The Net Data directory

The Berkman Center for Internet & Society announced the launch of the Net Data Directory - a free, publicly available database of data about the Internet that covers topics such as cyber-security, civil and human rights, social media and many more. The directory currently contains about 150 data source records and includes many types of sources, including website rankings, opinion surveys, maps of activities and so on.

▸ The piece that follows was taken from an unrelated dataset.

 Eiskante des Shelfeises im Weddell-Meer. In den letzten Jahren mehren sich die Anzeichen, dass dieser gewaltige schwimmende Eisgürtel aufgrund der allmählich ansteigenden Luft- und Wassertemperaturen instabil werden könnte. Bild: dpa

The press release says that records are maintained by researchers at the Berkman Center, which means that keeping the directory current, relevant and error-free will be a challenge. As the number of sources grows, it will also be harder to navigate the directory through search and browse, without more sophisticated tools of filtering, recommendations, and visualizations.

Apr 18, 2016

Dataset on Parkinson's disease

In March 2016 Sage Bionetworks released a dataset that captures the everyday experiences of over 9,500 people with Parkinson's disease (press release). The data described in the data paper "The mPower study, Parkinson disease mobile data collected using ResearchKit" was collected via the mPower iPhone app, where participants were presented with tasks (referred to as ‘memory’, ‘tapping’, ‘voice’, and ‘walking’ activities) and asked to fill out surveys.

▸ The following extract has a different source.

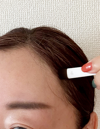 私はつむじのみカバーしたいので、付属の小さいブラシか眉毛を描くときに使用する細めのアイブロウブラシで隙間を埋める様に塗っています。

Not everybody agreed to share their data broadly with the research community. Out of 14,684 verified participants 9,520 (65%) agreed to share broadly, the rest split between withdrawing from the study and agreeing to share narrowly with the team only:

Study cohort description
Figure 1: mPower study cohort description. From http://www.nature.com/articles/sdata201611#methods

To provide proper safeguards and to balance sharing and privacy, the research team established a data governance structure. Access is granted to qualified researchers who agree to specific conditions for use, including the following:

  • participants cannot be re-identified
  • the data may not be redistributed
  • findings need to be published in open access venues
  • both participants and research team need to be acknowledged as data contributors
This effort is another example of the newly forming data sharing culture. And it uses Synapse that seems to make sharing easier from both technical and policy perspectives.

Apr 10, 2016

Big data analytics overview

The paper Beyond the hype: Big data concepts, methods, and analytics (2015, International Journal of Information Management, Vol. 35, N 2, pp. 137–144) reviews definitions and analytics techniques of big data and discusses some future developments. The article begins with a chart showing an explosion of publications in the Proquest database, which is quite similar to the chart in our JASIST publication "Big data, bigger dilemmas". Both charts show that 2013 was the year when the term "big data" gained popularity:
"Beyond the hype ..."
"Big data, bigger dilemmas..."
The paper cites Diebold's paper "A personal perspective on the origin(s) and development of “big data”: The phenomenon, the term, and the discipline" to describe the origin of the term "big data":
"... the term “big data … probably originated in lunch-table conversations at Silicon Graphics Inc. (SGI) in the mid-1990s, in which John Mashey figured prominently".
After summarizing aspects of big data that were discussed many times elsewhere (volume, velocity, variety, veracity, etc.), the article provides a useful summary of the types of analytics that are common in big data research:
  1. Text analytics
    • Information extraction
      • Entity recognition
      • Relation extraction
  2. Text summarization
    • Extractive (location and frequency of text units)
    • Abstractive (semantic information)
  3. Question answering
  4. Audio (speech) analytics
    • Transcript-based approach (large-vocabulary continuous speech recognition, LVCSR)
    • Phonetic-based approach
  5. Video analytics
  6. Social media analytics
    • Content-based analytics
    • Structure-based analytics
      • Community detection
      • Social influence analysis
      • Link prediction
  7. Predictive analytics
In conclusion the paper argues for new techniques that would address such issues as the irrelevance of statistical significance, heterogeneity and computational efficiency in big data.